The intel B75 vs Z77 boards will perform the same... the Z77 has more power-user features for games and overclocking. I just built 4 B75 systems for an office. I otherwise use the Z77.

Get a refund on that HP, you have 2 weeks to return computers. IT is WIN8 computer that IS NOT COMPATIBLE with your software or hardware. Return it to the store, get your money back.

The intel i3 system I told you about can be built in an hour or so... then install with your WinXP discs.

*WinXP will not support all the features of modern hardware... such as USB3.0. You can go for even a cheaper case for $10~20 less... its up to you. Get what you like. Better cases are near the $100 range. But a $30 case will hold your parts.
*MS support for XP ends this April. You can still get the security/bug patches, but MS will no longer make new ones.

Your old computer is most likely not worth updating, especially if its 6+ years old. And if it dies next month... then what?


----------



## TerryNet (Mar 23, 2005)

> *MS support for XP ends this April.


Next April; Support Ends April 8, 2014.  That's still coming up pretty fast.


----------



## cstortion (Apr 15, 2005)

I appreciate all of the input that I received from all of you. Speed is a relative thing. Candidly, the new computer was fast, for me. Everything else about it is what's causing my problems. 
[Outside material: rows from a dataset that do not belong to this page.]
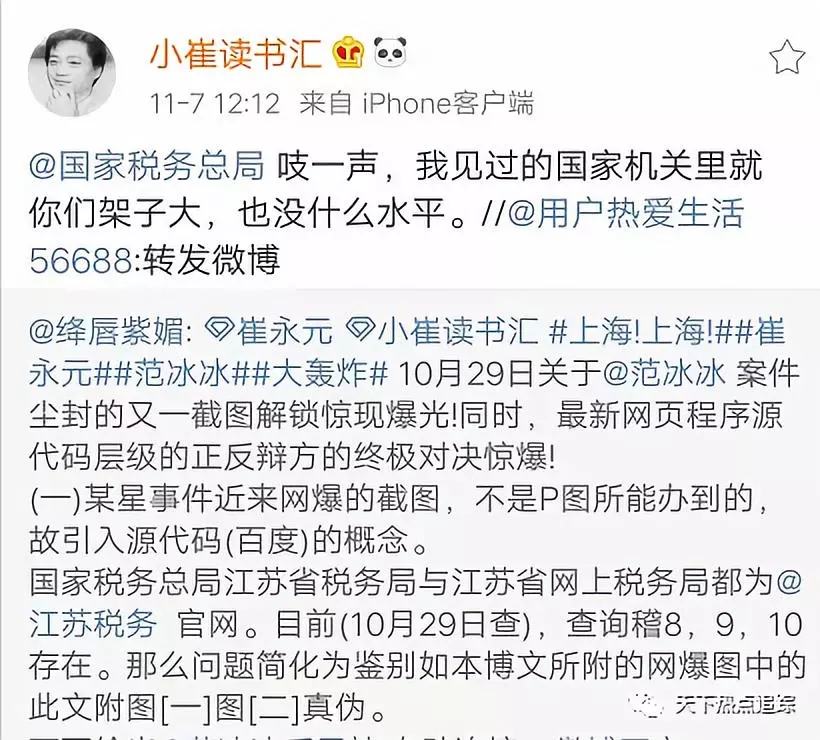 11月7日,小崔再次放出重炮,发博亮出范冰冰的猛料,并直接点名怒批有关部门不作为。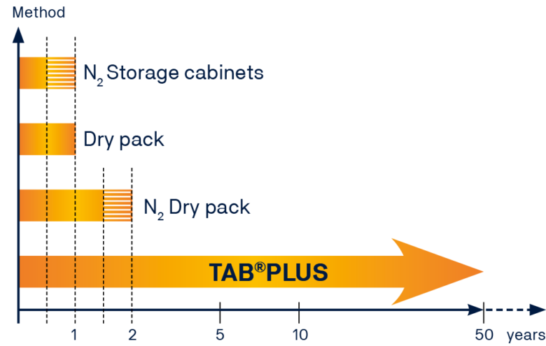 Material changes usually occur most rapidly during the first few years of standardized storage. Components not immediately required should be stored using the TAB®PLUS method as soon as possible to ensure the long-life cycle of the product.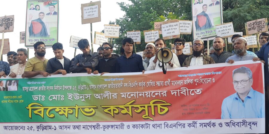শনিবার (১৫ নভেম্বর) জেলার নাগেশ্বরী উপজেলা শহরের বাস টার্মিনাল এলাকায় কুড়িগ্রাম-১ আসনে জেলা বিএনপির সদস্য ও ড্যাবের যুগ্ম সাধারণ সম্পাদক ডা. মো.ইউনুছ আলীকে মনোনয়ন দেওয়ার দাবিতে বিক্ষোভ করেন করেন হাজারো নেতা-কর্মী। কুড়িগ্রাম-১ আসনটি মূলত (নাগেশ্বরী -ভুরুঙ্গামারী উপজেলা) নিয়ে গঠিত। এ আসনে মোট ভাোটার প্রায় ৫ লাখ ২৯ হাজার।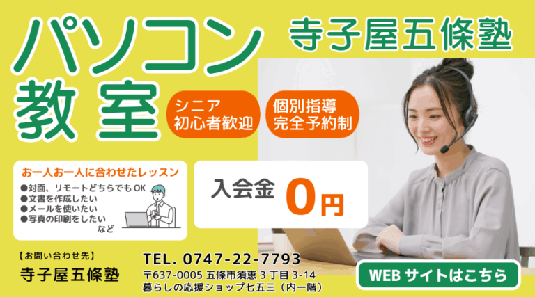 パソコン教室のお問い合わせはTEL 0747-22-7793

My old computer is working very well, for me, with my new higher speed DSL connection. Given the fact that HP has no XP drivers for my new computer, I'm going to wipe out all of my personal information and donate it to a charity. I can't return it because I wiped out many of the pre-installed garbage that hp installed. This was a good learning experience for me. Never again, will I buy anything before fully checking out compatibility issues first.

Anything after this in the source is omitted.